LLVM Bugzilla is read-only and represents the historical archive of all LLVM issues filled before November 26, 2021. Use github to submit LLVM bugs

Bug 49081 - [x86] Failure to optimize vector shuffle in conversion

Summary: [x86] Failure to optimize vector shuffle in conversion

Status:	CONFIRMED

Alias:	None

Product:	libraries
Classification:	Unclassified
Component:	Backend: X86 (show other bugs)
Version:	trunk
Hardware:	PC Linux

Importance:	P enhancement
Assignee:	Unassigned LLVM Bugs

URL:
Keywords:

Depends on:	35732
Blocks:
	Show dependency tree

Reported:	2021-02-07 13:07 PST by Gabriel Ravier
Modified:	2021-05-25 05:53 PDT (History)
CC List:	7 users (show)

See Also:
Fixed By Commit(s):

Attachments
Add an attachment (proposed patch, testcase, etc.)

Note You need to log in before you can comment on or make changes to this bug.
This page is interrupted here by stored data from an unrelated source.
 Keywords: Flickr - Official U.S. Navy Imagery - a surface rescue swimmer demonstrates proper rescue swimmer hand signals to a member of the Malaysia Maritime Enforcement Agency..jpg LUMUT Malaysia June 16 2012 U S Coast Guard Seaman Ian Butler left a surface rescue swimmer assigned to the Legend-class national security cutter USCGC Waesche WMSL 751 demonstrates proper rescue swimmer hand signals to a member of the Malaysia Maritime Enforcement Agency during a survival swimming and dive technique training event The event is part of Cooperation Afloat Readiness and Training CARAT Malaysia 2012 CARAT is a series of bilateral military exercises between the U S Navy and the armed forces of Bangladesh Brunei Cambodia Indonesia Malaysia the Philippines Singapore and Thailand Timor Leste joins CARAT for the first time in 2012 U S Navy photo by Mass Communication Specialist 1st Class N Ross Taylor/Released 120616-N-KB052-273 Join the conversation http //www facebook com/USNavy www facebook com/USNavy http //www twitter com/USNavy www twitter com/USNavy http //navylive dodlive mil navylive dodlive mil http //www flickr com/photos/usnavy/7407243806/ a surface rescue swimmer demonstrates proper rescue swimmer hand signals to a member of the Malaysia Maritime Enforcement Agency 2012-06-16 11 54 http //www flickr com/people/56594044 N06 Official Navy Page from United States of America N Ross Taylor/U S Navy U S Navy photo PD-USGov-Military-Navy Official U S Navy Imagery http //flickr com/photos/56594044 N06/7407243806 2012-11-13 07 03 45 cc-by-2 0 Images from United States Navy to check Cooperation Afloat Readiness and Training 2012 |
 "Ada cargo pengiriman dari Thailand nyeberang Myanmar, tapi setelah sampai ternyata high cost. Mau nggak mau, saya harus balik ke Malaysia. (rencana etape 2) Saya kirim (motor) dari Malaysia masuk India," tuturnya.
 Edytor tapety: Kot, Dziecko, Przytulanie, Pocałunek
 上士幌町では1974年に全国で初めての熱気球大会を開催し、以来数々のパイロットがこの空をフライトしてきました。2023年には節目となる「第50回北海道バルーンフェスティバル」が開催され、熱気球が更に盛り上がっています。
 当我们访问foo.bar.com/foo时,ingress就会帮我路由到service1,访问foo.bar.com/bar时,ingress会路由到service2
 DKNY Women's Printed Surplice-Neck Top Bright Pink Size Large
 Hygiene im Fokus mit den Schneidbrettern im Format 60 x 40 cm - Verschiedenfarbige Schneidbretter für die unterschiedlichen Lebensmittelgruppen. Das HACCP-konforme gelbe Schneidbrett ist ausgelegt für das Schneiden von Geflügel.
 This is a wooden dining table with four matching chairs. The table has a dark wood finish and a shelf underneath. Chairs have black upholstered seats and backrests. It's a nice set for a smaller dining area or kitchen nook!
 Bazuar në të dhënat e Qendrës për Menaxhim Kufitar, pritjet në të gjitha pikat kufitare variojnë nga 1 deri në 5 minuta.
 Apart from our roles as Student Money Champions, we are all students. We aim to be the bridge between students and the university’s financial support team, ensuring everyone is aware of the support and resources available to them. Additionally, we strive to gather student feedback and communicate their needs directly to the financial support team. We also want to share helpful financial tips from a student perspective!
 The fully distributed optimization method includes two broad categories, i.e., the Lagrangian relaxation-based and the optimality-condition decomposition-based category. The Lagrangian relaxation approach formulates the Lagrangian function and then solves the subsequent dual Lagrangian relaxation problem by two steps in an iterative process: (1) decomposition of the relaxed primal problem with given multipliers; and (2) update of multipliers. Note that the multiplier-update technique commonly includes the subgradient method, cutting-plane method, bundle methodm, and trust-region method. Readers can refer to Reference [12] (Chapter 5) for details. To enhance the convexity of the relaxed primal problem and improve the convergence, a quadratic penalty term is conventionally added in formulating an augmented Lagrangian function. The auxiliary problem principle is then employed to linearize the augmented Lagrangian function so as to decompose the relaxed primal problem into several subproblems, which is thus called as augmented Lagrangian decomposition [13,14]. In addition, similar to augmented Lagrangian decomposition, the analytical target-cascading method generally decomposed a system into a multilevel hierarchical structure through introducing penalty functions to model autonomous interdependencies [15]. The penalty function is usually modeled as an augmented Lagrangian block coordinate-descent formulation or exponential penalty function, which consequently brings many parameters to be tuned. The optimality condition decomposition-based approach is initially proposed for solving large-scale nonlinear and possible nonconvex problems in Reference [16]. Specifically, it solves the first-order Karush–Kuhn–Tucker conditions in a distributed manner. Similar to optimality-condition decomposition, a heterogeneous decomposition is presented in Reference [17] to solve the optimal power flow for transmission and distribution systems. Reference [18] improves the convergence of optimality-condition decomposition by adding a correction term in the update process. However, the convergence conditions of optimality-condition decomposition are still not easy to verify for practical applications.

Description Gabriel Ravier 2021-02-07 13:07:55 PST

typedef int v4si __attribute__((vector_size(16)));
typedef float v4sf __attribute__((vector_size(16)));

v4sf f(v4si f)
{
    return (v4sf){(float)f[1], (float)f[1], (float)f[2], (float)f[3]};
}

With -O3, GCC outputs this:

f(int __vector(4)):
  pshufd xmm0, xmm0, 229
  cvtdq2ps xmm0, xmm0
  ret

LLVM outputs this:

f(int __vector(4)):
  pshufd xmm1, xmm0, 85 # xmm1 = xmm0[1,1,1,1]
  cvtdq2ps xmm1, xmm1
  pshufd xmm2, xmm0, 238 # xmm2 = xmm0[2,3,2,3]
  cvtdq2ps xmm2, xmm2
  pshufd xmm0, xmm0, 255 # xmm0 = xmm0[3,3,3,3]
  cvtdq2ps xmm0, xmm0
  unpcklps xmm2, xmm0 # xmm2 = xmm2[0],xmm0[0],xmm2[1],xmm0[1]
  shufps xmm1, xmm2, 64 # xmm1 = xmm1[0,0],xmm2[0,1]
  movaps xmm0, xmm1
  ret

Comment 1 Simon Pilgrim 2021-02-09 06:44:57 PST

Current Codegen: https://godbolt.org/z/oYn1df

Probably an SLP issue? [Bug #35732] looks very similar

Comment 2 Anton Afanasyev 2021-02-22 03:43:47 PST

This issue is to be fixed by http://reviews.llvm.org/D57059 after committing (in process of review now). We have conversion for f[1], f[2] and f[3] here, for three fps, so I have checked patch "Initial support for the vectorization of the non-power-of-2 vectors" fits here:

> ./opt -slp-vectorizer -instcombine -S pr49081.ll 
...
define dso_local <4 x float> @foo(<4 x i32> %0) {
  %shuffle = shufflevector <4 x i32> %0, <4 x i32> poison, <4 x i32> <i32 1, i32 2, i32 3, i32 undef>
  %2 = sitofp <4 x i32> %shuffle to <4 x float>
  %3 = shufflevector <4 x float> %2, <4 x float> undef, <4 x i32> <i32 0, i32 0, i32 1, i32 2>
  ret <4 x float> %3
}

Comment 3 Anton Afanasyev 2021-02-22 22:44:38 PST

Commited llvm/test/Transforms/SLPVectorizer/X86/pr49081.ll to track fixing.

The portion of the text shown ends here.